• **STORED DATA**

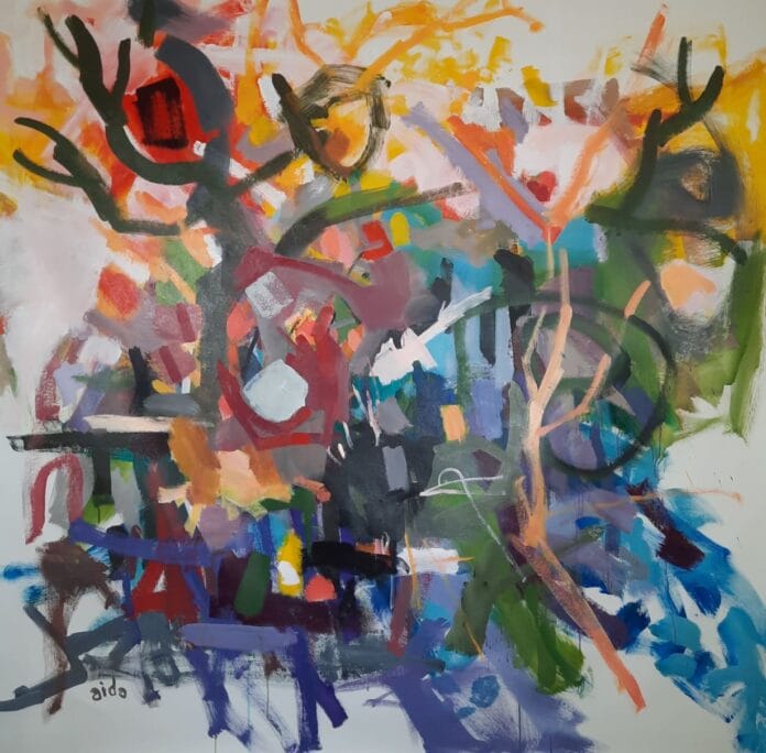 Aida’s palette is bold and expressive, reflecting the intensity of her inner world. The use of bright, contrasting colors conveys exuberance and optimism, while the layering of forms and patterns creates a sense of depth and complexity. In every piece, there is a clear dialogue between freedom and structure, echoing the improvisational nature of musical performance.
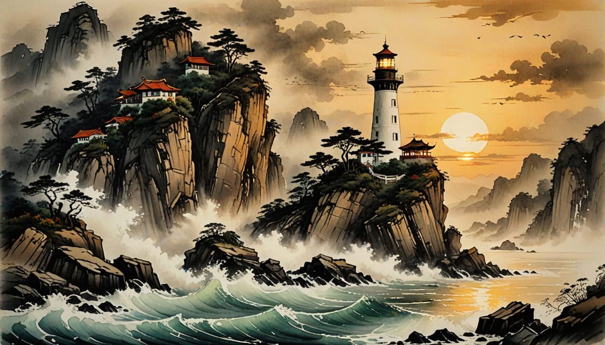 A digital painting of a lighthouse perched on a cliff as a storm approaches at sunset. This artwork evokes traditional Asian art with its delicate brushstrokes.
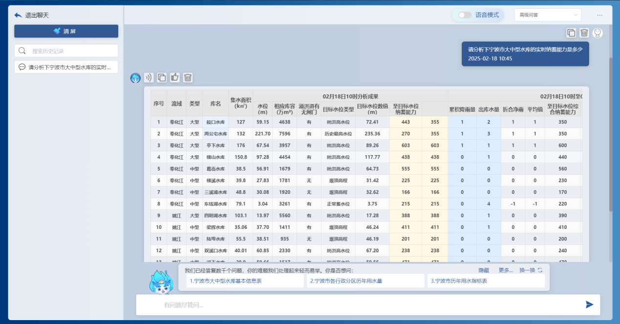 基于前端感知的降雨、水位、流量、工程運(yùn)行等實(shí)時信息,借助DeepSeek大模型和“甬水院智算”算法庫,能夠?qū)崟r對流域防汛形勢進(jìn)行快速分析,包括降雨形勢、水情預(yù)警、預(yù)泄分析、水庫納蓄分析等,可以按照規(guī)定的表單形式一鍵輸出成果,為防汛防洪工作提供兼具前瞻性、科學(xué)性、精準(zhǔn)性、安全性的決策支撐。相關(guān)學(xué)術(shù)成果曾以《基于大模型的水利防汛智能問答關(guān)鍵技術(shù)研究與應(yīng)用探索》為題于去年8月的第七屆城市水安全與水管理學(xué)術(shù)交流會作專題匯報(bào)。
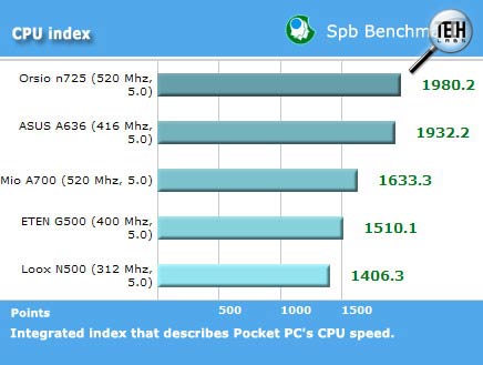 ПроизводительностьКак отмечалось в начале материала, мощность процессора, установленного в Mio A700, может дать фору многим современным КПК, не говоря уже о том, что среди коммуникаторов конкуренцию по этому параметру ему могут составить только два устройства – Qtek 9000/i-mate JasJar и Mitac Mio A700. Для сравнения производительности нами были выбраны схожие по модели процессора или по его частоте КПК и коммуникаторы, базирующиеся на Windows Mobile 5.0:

• **WHAT THE TASK ASKS**
Could you give again precisely the lines from the one containing "A digital painting" through the final line of the material above, both included, and no others, dropping the pictures?

• **RESPONSE BOX**
 A digital painting of a lighthouse perched on a cliff as a storm approaches at sunset. This artwork evokes traditional Asian art with its delicate brushstrokes.
 基于前端感知的降雨、水位、流量、工程運(yùn)行等實(shí)時信息,借助DeepSeek大模型和“甬水院智算”算法庫,能夠?qū)崟r對流域防汛形勢進(jìn)行快速分析,包括降雨形勢、水情預(yù)警、預(yù)泄分析、水庫納蓄分析等,可以按照規(guī)定的表單形式一鍵輸出成果,為防汛防洪工作提供兼具前瞻性、科學(xué)性、精準(zhǔn)性、安全性的決策支撐。相關(guān)學(xué)術(shù)成果曾以《基于大模型的水利防汛智能問答關(guān)鍵技術(shù)研究與應(yīng)用探索》為題于去年8月的第七屆城市水安全與水管理學(xué)術(shù)交流會作專題匯報(bào)。
 ПроизводительностьКак отмечалось в начале материала, мощность процессора, установленного в Mio A700, может дать фору многим современным КПК, не говоря уже о том, что среди коммуникаторов конкуренцию по этому параметру ему могут составить только два устройства – Qtek 9000/i-mate JasJar и Mitac Mio A700. Для сравнения производительности нами были выбраны схожие по модели процессора или по его частоте КПК и коммуникаторы, базирующиеся на Windows Mobile 5.0:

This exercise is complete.